▶ _EXERCISE OBJECTIVE_: Span requested from the data below: the line with "HUT 8 REPORTS" through the line with "53°经典醇品(透明) 酱香型白酒 500ml", both included. Give only these lines again, exactly, and leave every picture out.

▶ _INFORMATION_:
▽

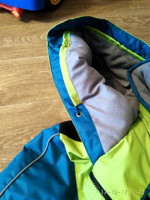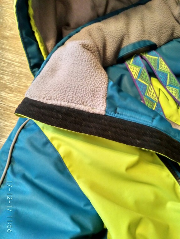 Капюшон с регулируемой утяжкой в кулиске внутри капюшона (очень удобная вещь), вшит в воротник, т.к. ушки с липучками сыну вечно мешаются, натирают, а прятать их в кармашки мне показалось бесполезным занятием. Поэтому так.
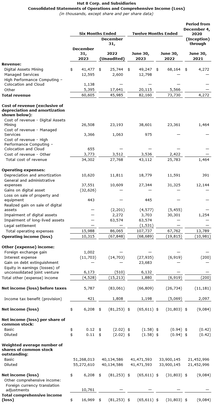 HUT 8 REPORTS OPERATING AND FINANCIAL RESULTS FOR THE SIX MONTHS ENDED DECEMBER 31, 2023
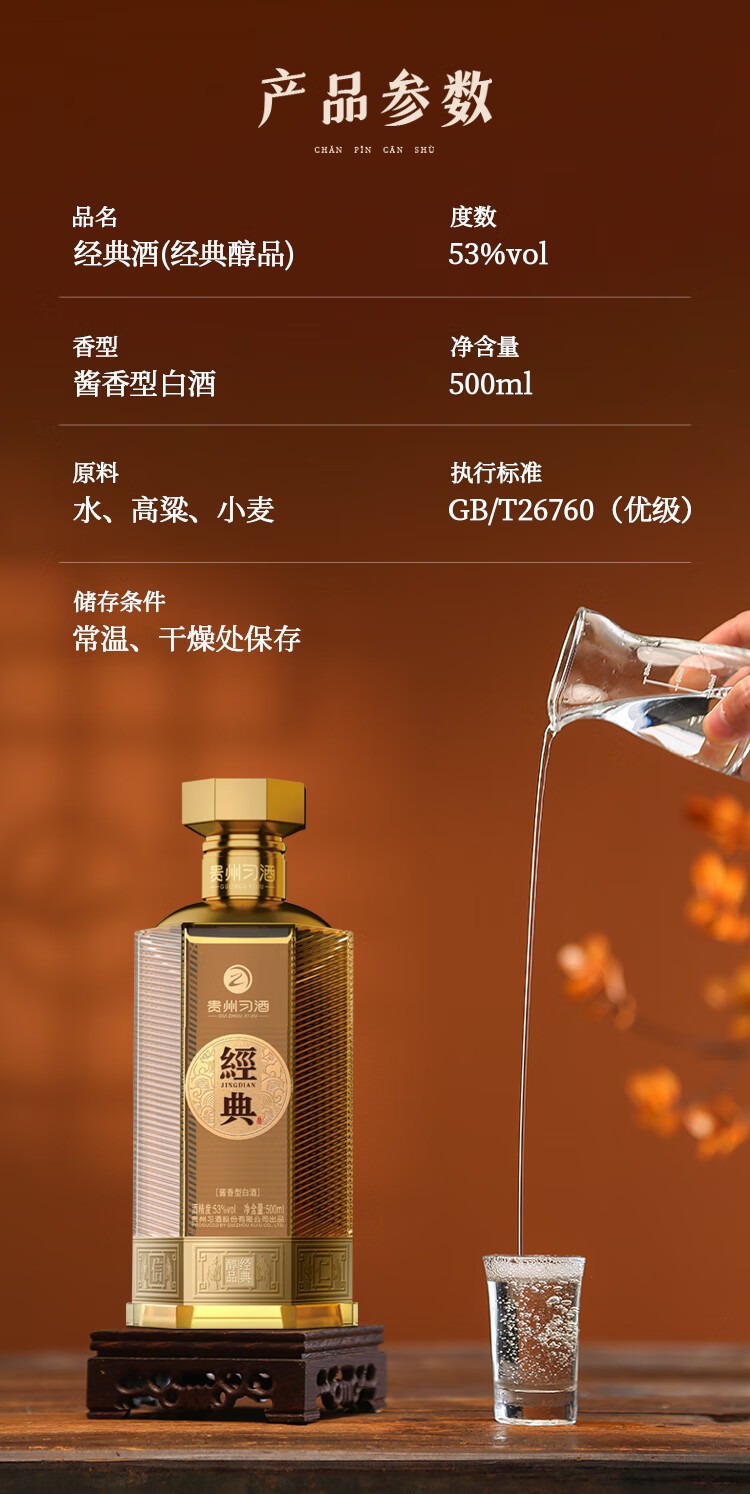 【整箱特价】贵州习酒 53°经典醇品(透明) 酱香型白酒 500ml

△
▽

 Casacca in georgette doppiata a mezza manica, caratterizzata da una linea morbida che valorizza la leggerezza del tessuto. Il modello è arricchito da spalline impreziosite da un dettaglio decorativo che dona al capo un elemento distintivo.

△

▶ _EXERCISE ANSWER_:
 HUT 8 REPORTS OPERATING AND FINANCIAL RESULTS FOR THE SIX MONTHS ENDED DECEMBER 31, 2023
 【整箱特价】贵州习酒 53°经典醇品(透明) 酱香型白酒 500ml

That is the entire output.